Crc<uint32_t> crc32(0x04c11db7, true, 0xffffffff, 0xffffffff);


would just link in this pre-defined and pre-compiled code. I recommend this explicit approach for using templates, although the Section 6.5 offers other alternatives.

Templates are just one way for writing generic code. In future articles I will describe other techniques, some of which you may be already using without realizing it.

Update 2009-11-22

Nearly three years later, here I am doing an application with the Standard Template Library and still trying to use the -fno-implicit-templates compiler option. While I could probably eventually get it to compile by explicitly instantiating the requisite STL templated classes and functions, I have convinced myself that it's not worth it for my current project. The option might make sense if you (like me in 2007) have complete control over your template classes.

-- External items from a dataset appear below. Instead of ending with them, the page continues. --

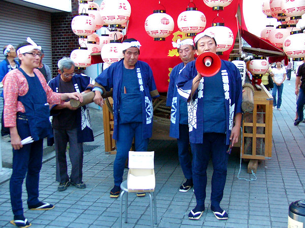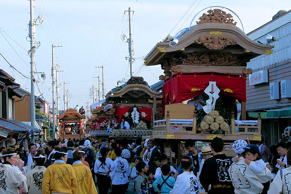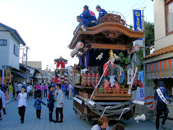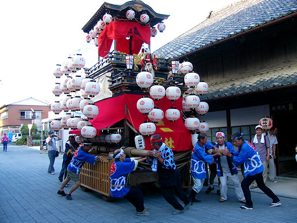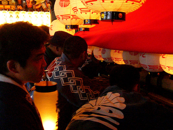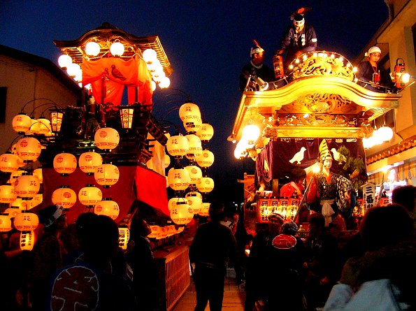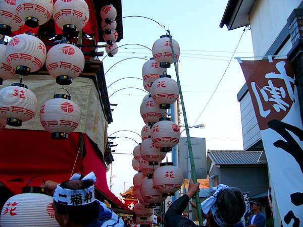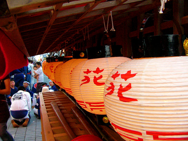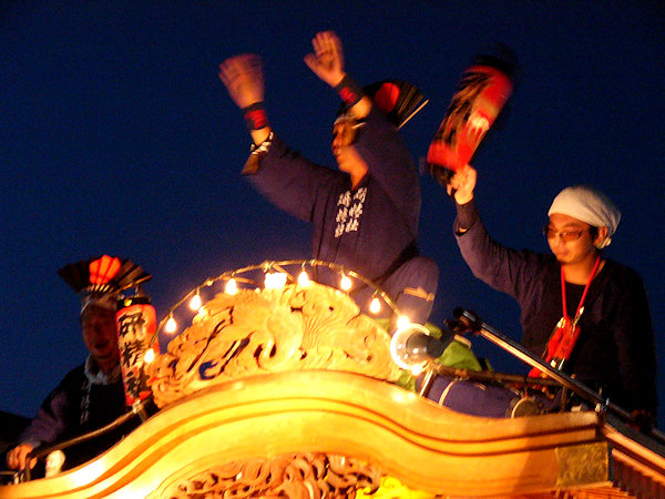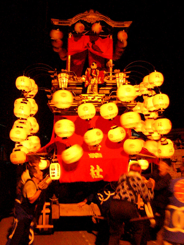 2004/09/11土曜日 麁玉地区 宮口六所神社祭典 17:30庚申寺前に勢揃いした屋台。これから六所神社へ向かいますが…今年は旧二福神車を中心に見学です 名古屋/二福神車の方々により飾り付けた山車を所定の位置へ移動 この山車本来の提灯と采振り人形が付けられています 名古屋二福神車の方々がご挨拶、持参の提灯に蝋燭が灯ります (^^) お囃子の「車切」これを聴くのは何年ぶりか…風情があっていいものです お囃子の様子を覗き込む「尚義団」の若衆 日が落ちて提灯の灯りが山車を柔らかく照らします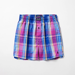 オーガニックコットン100%のトランクスです。平織生地で、表面のなめらかさと光沢のある素材感が特長。ネイビーベースのオーセンティックなチェック柄で、フロントセンターに縫い付けたラベルと、左裾にレッドで入れたブランドアイコンのポロプレイヤー刺繍もポイントです。ブランドロゴを刻印したボタンがさり気ないこだわりです。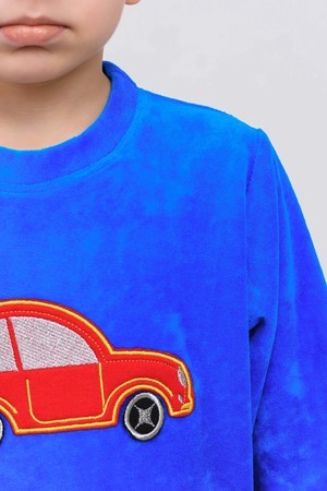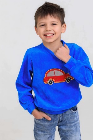 Свитшот велюровый для мальчика. Представлен в двух цветах: голубой и васильковый. Отделка низа изделия, манжет, горловины выполнена из основной ткани. Кофта декорирована аппликацией методом вышивки в виде машинки. Цвета аппликаций могут отличаться от фотографии. Свободный крой не сковывает движений. Отсутствие дополнительных элементов, например, капюшона позволяет легко надеть нашу модель под куртку. Свитшот выглядит очень лаконично, поэтому ребёнок будет себя комфортно чувствовать как на празднике, так и в повседневной жизни. Его можно надеть в сад, на прогулку, пойти в нём в торговый центр или надеть его в путешествие. Желаем приятных покупок с брендом Modestreet.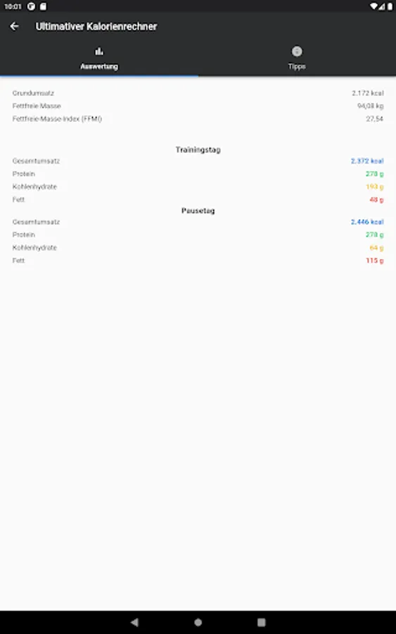 All popular calorie calculators use a fixed formula for the calculation of the macronutrient distribution, which forces the athlete into a diet that may not be suitable for him.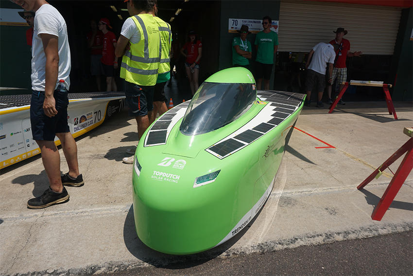 タイムトライアルは、ダーウィン郊外にあるヒドゥンバレーモーターコンプレックスのサーキットにて行われ、ラップタイムの早い順で翌日の出走順が確定します。今年のトップスタートは「Top Dutch Solar Racing」チームになりました。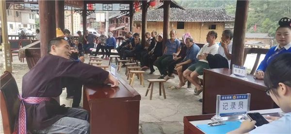 实践团成员李世豪:苗族同胞大都能歌善舞,酒过三巡之后三三两两开始随性高歌,在融洽的气氛下,纷繁琐碎的矛盾在一道道歌声中消弭。苗歌与普法的创新结合,将现代法治与传统文化紧密结合,不仅实际解决了村民的矛盾,也赋予苗族民歌文化新的生命。

But using the STL, or other complex templated frameworks, makes this fine control over template instantiation much harder. I say: drop the -fno-implicit-templates compiler option if the resulting compiled code fits your memory footprint.

Update 2012-04-30

But if you are really resource constrained, you probably aren't using the STL anyway, and the -fno-implicit-templates option is still a very good idea. For example, when using templates on tiny eight-bit microcontrollers, memory is so precious that I think explicitly instantiating templates is a very good idea. That what I've done for my Amigo project, yet another three years later.

Sources

Michael Barr, “Software-Based Memory Testing”, Embedded Systems Programming, July 2000, pp. 28-40

Richard M. Stallman et al., Using the GNU Compiler Collection (GCC), 4.1.1, 2005

Ross Williams, A Painless Guide to CRC Error Detection Algorithms, Rocksoft Pty Ltd., Adelaide, Australia, 1993

Desperado, Digital Aggregates Corp., 2007

Amigo, Digital Aggregates Corp., 2012

3 comments:

mcjoe said...

Great stuff. A caveat should be made regarding STL use. Under the hood, the STL is doing memory allocation and deallocation, so it may not be appropriate everywhere.

Chip Overclock said...

You're absolutely right, my bad. It depends on the situation and the STL implementation, so your mileage may vary.

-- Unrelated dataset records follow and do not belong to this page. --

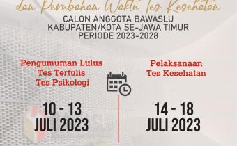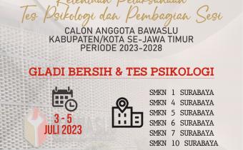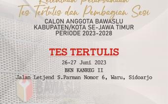 Berita humas Rabu, Juli 12, 2023 - 09:05 <a>PERPANJANGAN PENGUMUMAN HASIL TES TERTULIS DAN TES PSIKOLOGI DAN PERUBAHAN WAKTU PELAKSANAAN TES KESEHATAN</a> File Pendukung Klik Di sini humas Minggu, Juli 9, 2023 - 23:55 17 Parpol di Kota Kediri Melakukan Perbaikan Dokumen di Akhir-akhir Waktu Pengajuan Kota Kediri, 09 Juli 2023. Bawaslu Kota Kediri beserta jajaran Ad-Hoc yaitu Panwascam se-Kota Kediri melaksanakan Pengawasan Pengajuan Perbaikan Dokumen DPRD Kota Kediri Pemilu 2024 di KPU Kota Kediri. humas Minggu, Juli 2, 2023 - 05:50 PENGUMUMAN KETENTUAN PELAKSANAAN TES PSIKOLOGI DAN PEMBAGIAN SESI CALON ANGGOTA BAWASLU KABUPATEN/KOTA MASA JABATAN 2023 – 2028 PELAKSANAAN TES PSIKOLOGIHari/Tanggal Pelaksanaan: Selasa - Rabu / 04 s.d 05 Juli 2023 humas Minggu, Juni 25, 2023 - 07:42 PENGUMUMAN KETENTUAN PELAKSANAAN TES TERTULIS DAN PEMBAGIAN SESI<br>CALON ANGGOTA BAWASLU KABUPATEN/KOTA MASA JABATAN 2023 – 2028 Tes Tertulis akan diadakan pada hari Senin s.d Selasa tanggal 26 s.d 27 Juni 2023 bertempat di BKN KANREG II Jalan Letjend S.Parman Nomor 6, Kecama humas Sabtu, Juni 24, 2023 - 13:56 PENGUMUMAN HASIL PENELITIAN BERKAS ADMINISTRASI CALON ANGGOTA BAWASLU KABUPATEN/KOTA PROVINSI JAWA TIMUR ZONA 6 TAHUN 2023 Nomor: 029/TIMSEL.Jl/Z6/06/2023 Dalam rangka melaksanakan amanat Undang-Undang Nomor 7 Tahun 2017 tentang Pemilihan Umum, setelah mela First page « Awal Halaman sebelumnya ‹‹ … Pengawasan 55 Pengawasan 56 Pengawasan 57 Pengawasan 58 Halaman sekarang 59 Pengawasan 60 Pengawasan 61 Pengawasan 62 Pengawasan 63 … Halaman berikutnya ›› Last page Akhir » Pencarian Saran dan Pengaduan Saran dan pengaduan dengan untuk kemajuan Bawaslu Ajukan
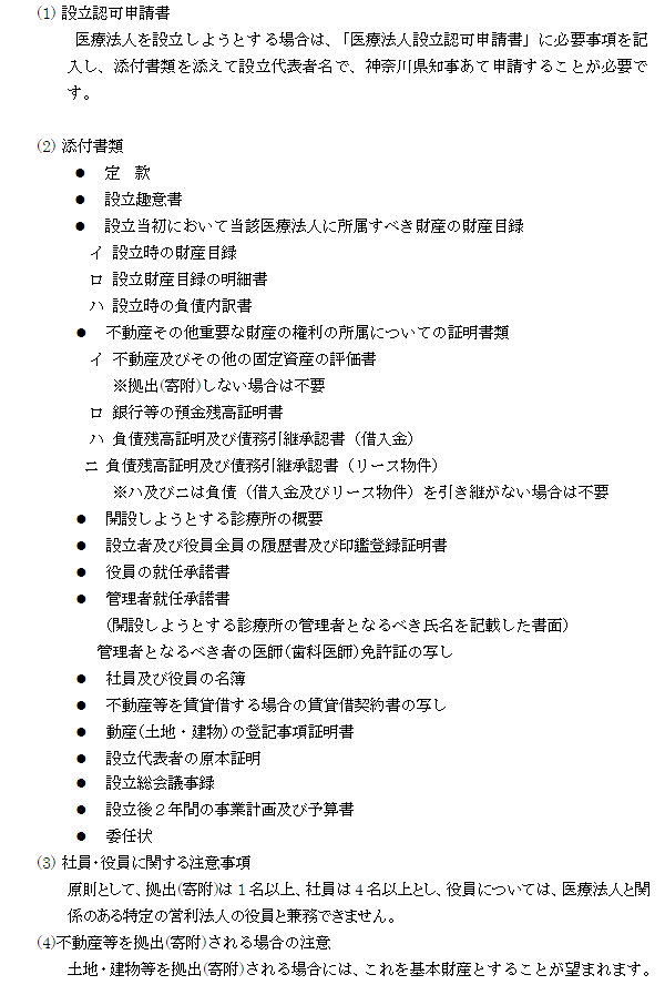 一人医師医療法人の設立に際して提出する書類は多岐にわたります。また、定款又は寄附行為を作成する事(法定記載要件があります)、厚生労働省が定めている構造基準、人員配置基準(省令)をクリアする必要もあります。事前の準備が不可欠となります。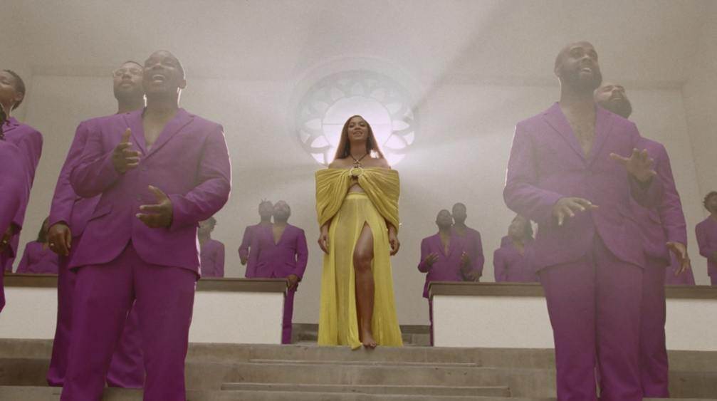 Black is King also includes some religious imagery, including a nod to the story of Moses where Beyoncé puts a baby in a basket and sends him down river during the song “OTHERSIDE,” which also features Beyoncé singing as a ghost like Mufasa communicating with Simba. A narration in the film adds religious context to the theme of “Circle of Life,” saying “To God we belong, to God we return.” The film also ends with a new version of “SPIRIT,” starting as an acapella moment with a choir, taking viewers to church before transitioning to parts of the music video released last year to promote the album.

The last time I used the STL, I was using some of the collection classes, Map and MultiMap as I dimly recall. The STL implementation I was using, based on the SGI distribution I think, actually maintained pools of objects to avoid the overhead of constantly doing new and delete plus the risk of fragmenting the heap. I found this acceptable in my embedded application. You may not.

But I encourage folks to look closely at the STL. If you can use it, it will save you huge amounts of time. And you shouldn't be scared off just because it uses templates; this can be managed, even in an embedded application.

Just to be even more self-promotional than usual, Desperado has a C++ class (and Buckaroo has an equivalent Java class) that implements a clever (meaning: I didn't invent the idea, I stole it, in this case from the Linux kernel) doubly-linked circular list implementation, the Chain, that might be a suitable simple collection for really constrained systems that can't use the STL. It can be used to implement a queue or a stack, and has all sorts of useful properties. You can remove objects from the anywhere on a chain in contant time, you can find the root of the Chain in constant time from any object on that Chain, you can embed the Link portion of the Chain inside your object, or keep each Link as a separate object. And a single object can be easily managed on multiple Chains simultaneously.

But I love the STL the same way I love the Java collection classes. There's no glory in writing Yet Another hash table algorithm.

Thanks, Joe!

Chip Overclock said...

Dan Saks has kindly pointed out a mistake in the declaration of the address variable in the Ram test example, which I have corrected. Thanks, Dan!